O debate acadêmico destaca a importância de Descubra a independência digitalisto é, a capacidade dos jovens de trabalhar de forma criativa e crítica nestes ambientes.

A nova política procura proteger
Nova política procura proteger a saúde mental dos jovens, mas desperta debate sobre autonomia e criatividade digital

Em vez de simplesmente não assumir a responsabilidade, Os jovens estão transformando plataformas como Tiktok e YouTube em locais de aprendizagem, expressão e comunicação. A geração de memes, a edição de vídeos e novas formas de contar histórias digitais são exemplos de competências emergentes que enfatizam a noção de visualização reduzida. Controlar o acesso a menores que não consideram estas competências significa impedir a inovação e a manutenção de modelos tradicionais de comunicação que não são interativos com a realidade digital.

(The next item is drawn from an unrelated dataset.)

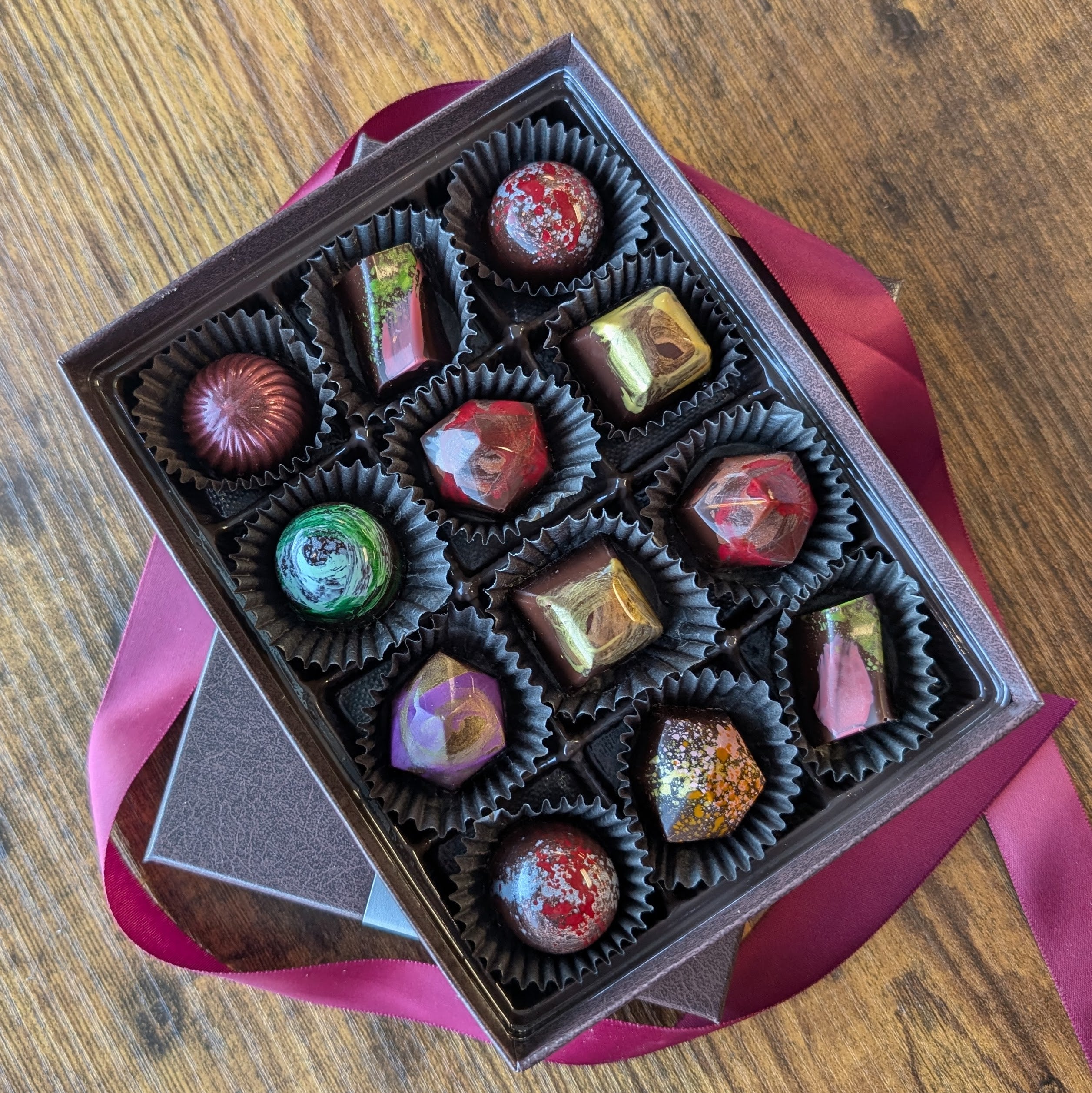 Our Cranberry Maple Caramel showcases fresh cranberries and rich maple syrup in a coconut caramel with a dark chocolate shell. The Snickerdoodle bon bon features a spiced gluten free oat milk and dark chocolate ganache- this is our first dairy free piece without coconut milk! Our classic Cherry Cordial contains an Italian candied cherry wrapped in a liquid cognac fondant. The Lime Daiquiri bon bon combines spiced rum and fresh lime in a coconut dark chocolate ganache. The Mayan Chocolate bon bon is a dairy free take on our award winning Mexican Chocolate truffle- featuring a blend of 10 different spices, dark chocolate and coconut. Our Caramelized Raspberry bon bon showcases fresh raspberries caramelized with lemon and dark chocolate. Our Ohana bon bon is our take on the Hawaiian POG juice- it has a blend of passion fruit, orange and guava with coconut and dark chocolate. Lastly, the seasonal grapefruit cardamom caramel features a fresh grapefruit and floral cardamom coconut caramel in a crisp dark chocolate shell.

Neste caso, a revisão acadêmica sustenta que a restrição de período resolve os sintomas e Eles ignoram fatores estruturaiscomo projetar plataformas que visam maximizar tempo e dados.

O juiz Eric Goldmancitado por A conversadescreve a estratégia para restringir os jovens como uma política de “busca e interrupção”, que pune os usuários em vez de responsabilizar as empresas de tecnologia.

“Assim como não existe proibição de crianças irem ao parque, mas a sua segurança está garantida, o código de conduta deve estabelecer barreiras e responsabilidades de segurança no terreno”, explicou Goldman.

As possíveis consequências vão além da segurança: Restringir o acesso às redes sociais pode limitar a independência, a criatividade e a auto-expressão dos jovens.. A ascensão da proibição reflete a beleza dos valores conservadores na vida digital, que incluem foco, comunicação e identidade. Enquanto isso, a Internet está funcionando na Internet infraestrutura social de mudança Por causa do que os jovens dizem.

Proteger os menores dos riscos digitais não significa suprimir as competências e as vozes que podem contribuir para um futuro digital mais inclusivo e criativo.